A medida que la litigación privada en materia de competencia cobra especial protagonismo en Europa, el CAT (Competition Appeal Tribunal) de Reino Unido sigue ofreciendo pautas muy interesantes sobre determinadas cuestiones propias de esta especialidad.
Un ejemplo reciente es la sentencia de 21 de febrero de 2025 en el caso Stellantis v. Autoliv/ZF (disponible en este enlace), la cual brinda lecciones de gran interés para la práctica procesal española. El objetivo de este artículo es exponer las claves de la decisión, valorar su relevancia sobre la carga y calidad de la prueba, y realizar un análisis comparativo con el Derecho procesal español en materia de reclamación de daños derivados de infracciones del Derecho de la competencia.
I. El caso Stellantis v. Autoliv/ZF
La Comisión Europea (CE) había sancionado cuatro acuerdos de cártel independientes, cada uno referido a un fabricante de automóviles distinto. Sin embargo, ninguno de ellos hacía referencia directa a Stellantis.
En este contexto, Stellantis interpuso una demanda stand-alone frente a Autoliv y ZF, los dos principales fabricantes de componentes de seguridad para automóviles, lo que incluye piezas como los airbags, cinturones o volantes.
Para ello, Stellantis desarrolló una estrategia probatoria en la que tomó las decisiones de la CE como indicio de la infracción. Para hacer frente a la carga probatoria superior que supone el ejercicio de una acción stand-alone, Stellantis solicitó un procedimiento de disclosure del expediente administrativo y aportó un informe pericial econométrico basado en un modelo “antes-durante-después”.
Aunque el CAT admitió finalmente que la infracción fue probablemente más extensa que la delimitada por la CE, concluyó que Stellantis no había conseguido probar adecuadamente el supuesto daño sufrido en forma de sobreprecio.
II. La relevancia de la calificación de la acción: follow-on vs stand-alone
Para un correcto análisis de la situación, debemos detenernos, en primer lugar, en las diferencias sustantivas que presentan las acciones denominadas follow-on o consecutivas, en las que la infracción ya está probada por una decisión firme de la CNMC o de la CE (art. 9 de la Directiva de daños y art. 72 de la Ley española de Defensa de la Competencia), frente a las denominadas como stand-alone, o autónomas, en las que corresponde al demandante demostrar tanto la existencia (o extensión) de la infracción como su afectación.
En este sentido, la fragmentación de la infracción en cuatro decisiones por la CE impidió a Stellantis plantear una acción follow-on, lo que obligó a probar un cártel más amplio y continuado con base en los indicios contenidos en las diferentes decisiones.
Dado el contexto, el CAT exigió prueba adicional para acreditar el perjuicio individual. Para ello, Stellantis se basó en la documentación obtenida durante el procedimiento de disclosure y se apoyó en una pericial.

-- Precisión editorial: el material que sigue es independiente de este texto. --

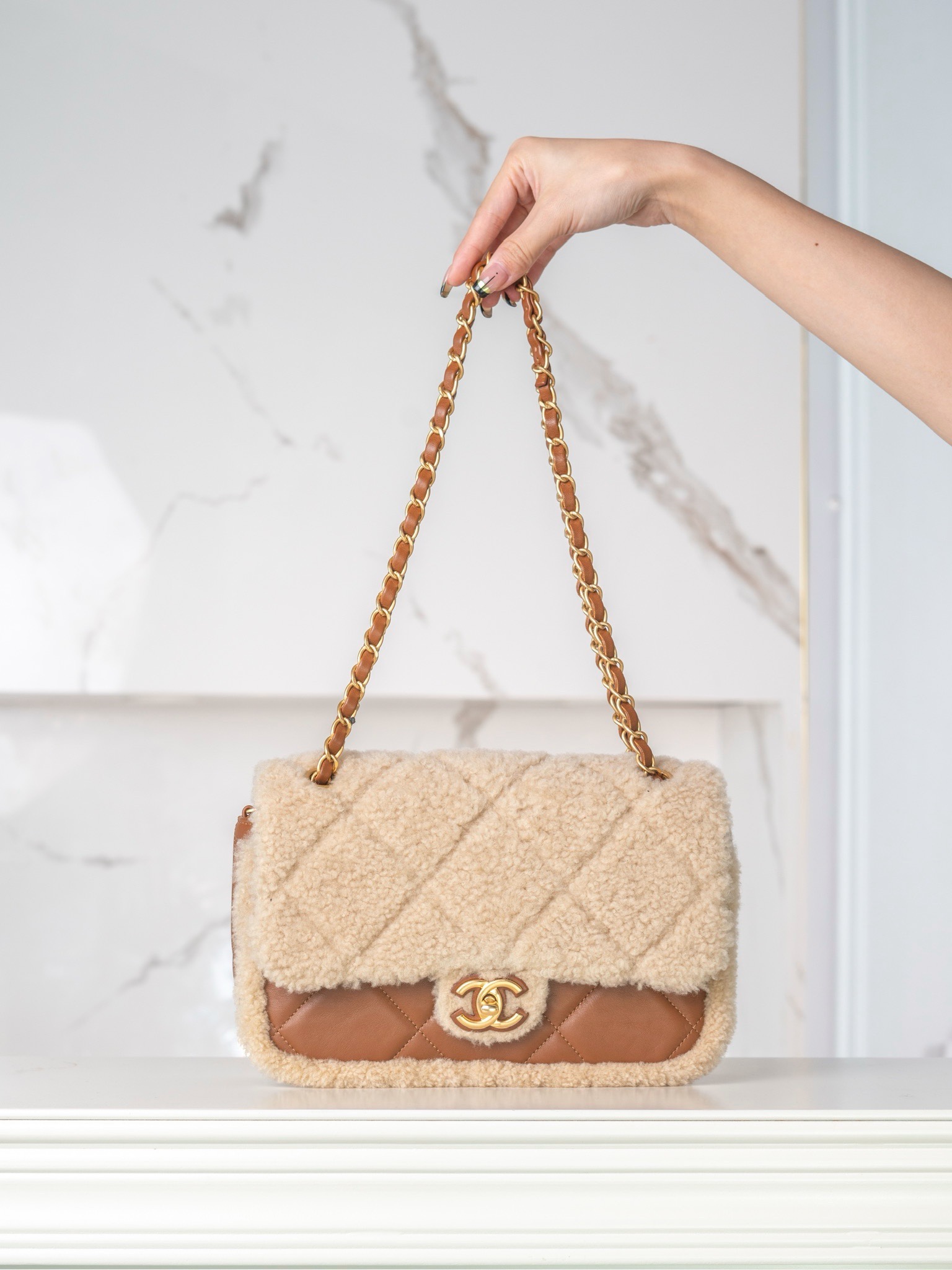 [JD] 샤넬 플랩백 시어링 램스킨 골드 메탈 베이지 브라운 24K CF 라지 16*23.5*7.5cm 요약정보 및 구매
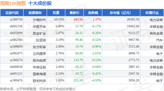 证券之星消息,4月24日,周期100(399402)指数报收于3919.42点,跌0.22%,成交2502.4亿元,换手率0.8%。当日该指数成份股中,上涨的有26家,天齐锂业以8.43%的涨幅领涨,下跌的有72家,鹏鼎控股以5.08%的跌幅领跌。
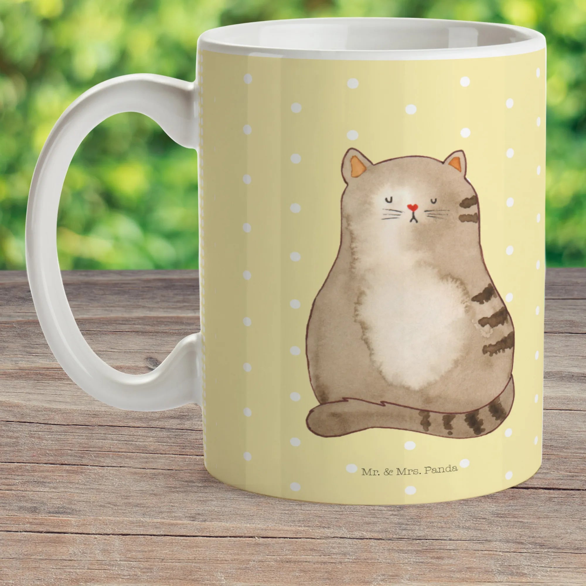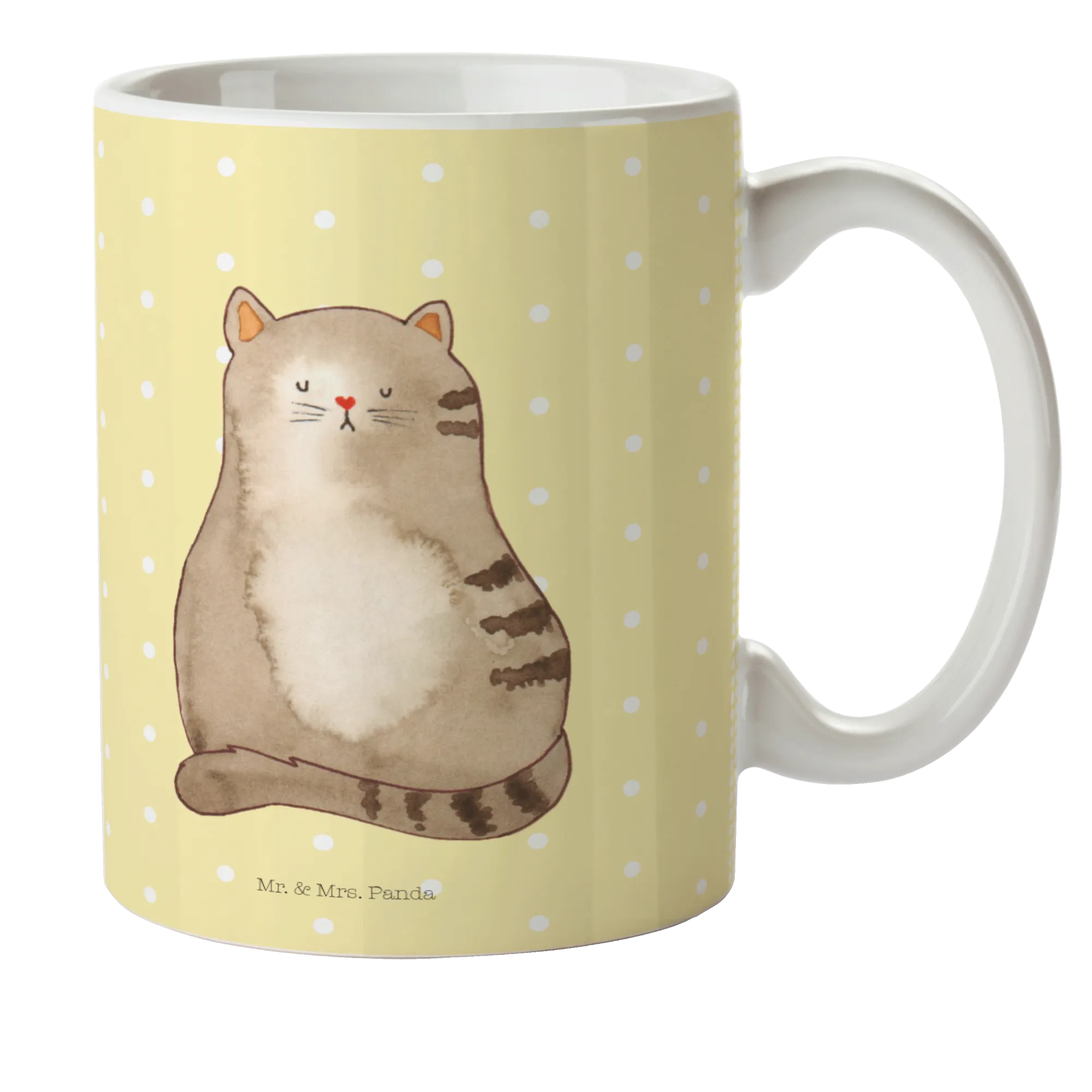 kubek dla dzieci kot siedzenie - z napisem - Pastelowy żółty
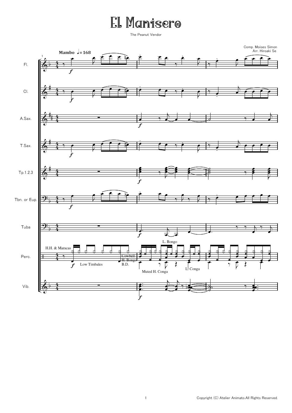 編成はFl.、Cl.、A.Sax.、T.Sax.、Tp.3本、Tbn. or Eup. 、Tuba、、Option El.Bs.、
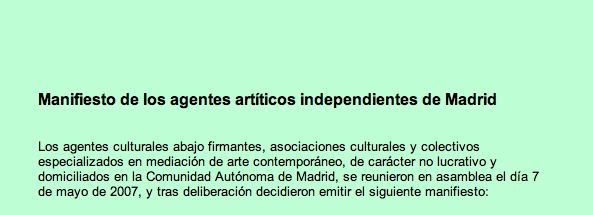 En consecuencia se promueven grandes proyectos de presupuesto millonario y carácter espectacular, como las Noches en Blanco, 1.000.000 de euros, o el Homenaje a la Movida, más de 3.000.000, e infraestructuras faraónicas, como el Matadero, 110.000.000 de euros, y otras iniciativas institucionales como la Fundación Arpegio de la CAM, que nace con 2.500.000 euros para un programa de ayudas cuyas bases tienen una clara orientación ideológica. Es un sistema donde artistas y mediadores se ven constreñidos a encajar, mientras la sociedad civil carece de algo tan elemental como un sistema de apoyo a la creación y producción artística contemporánea; sistema que ya existe, por ejemplo, para el cine y el teatro.
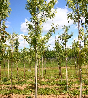 Клен сахарный (серебристый) «Пирамидале» высотой до 20 метров, морозоустойчив, не боится городской загазованности, сырых почв, хорошо растёт на солнце и в полутени. Листья с глубокими врезами, особенно красивы осенью — от жёлтых до пурпурных расцветок. В питомнике можно купить оптом.
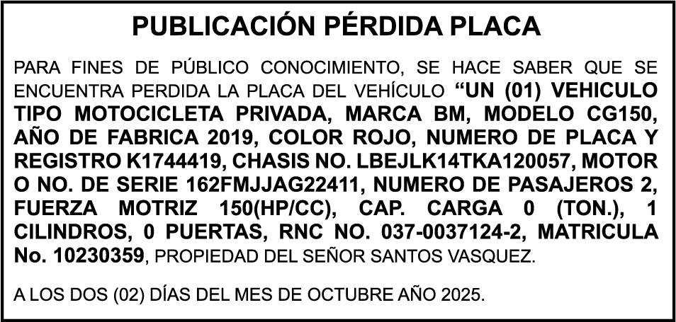 PERDIDA DE PLACA No. K1838598, Motocicleta BAJAJ, modelo PLATINA 100 ES, color rojo, año 2020, chasis MD2A76AY0LWC47332, a nombre de VICTOR MANUEL SANTOS DE LA ROSA, Ced. 005-00500973-2

III. Estándar probatorio sobre la infracción
En este caso, para entender la extensión de una infracción ya declarada, aunque fragmentada, el CAT aceptó determinadas inferencias lógicas para acreditar la existencia de una infracción, dada la opacidad propia de los cárteles. En este sentido, el CAT reconoce que resulta poco creíble que un acuerdo colusorio entre los dos principales fabricantes se limitara a unos pocos modelos o plazos.
Por ello, el esfuerzo probatorio de Stellantis se basó, principalmente, en la prueba documental del expediente administrativo de la CE, que bastó para que el tribunal entendiera probable la extensión del cártel y, así, desplazar la carga de la prueba a las demandadas, que debían de aportar una explicación alternativa a los indicios.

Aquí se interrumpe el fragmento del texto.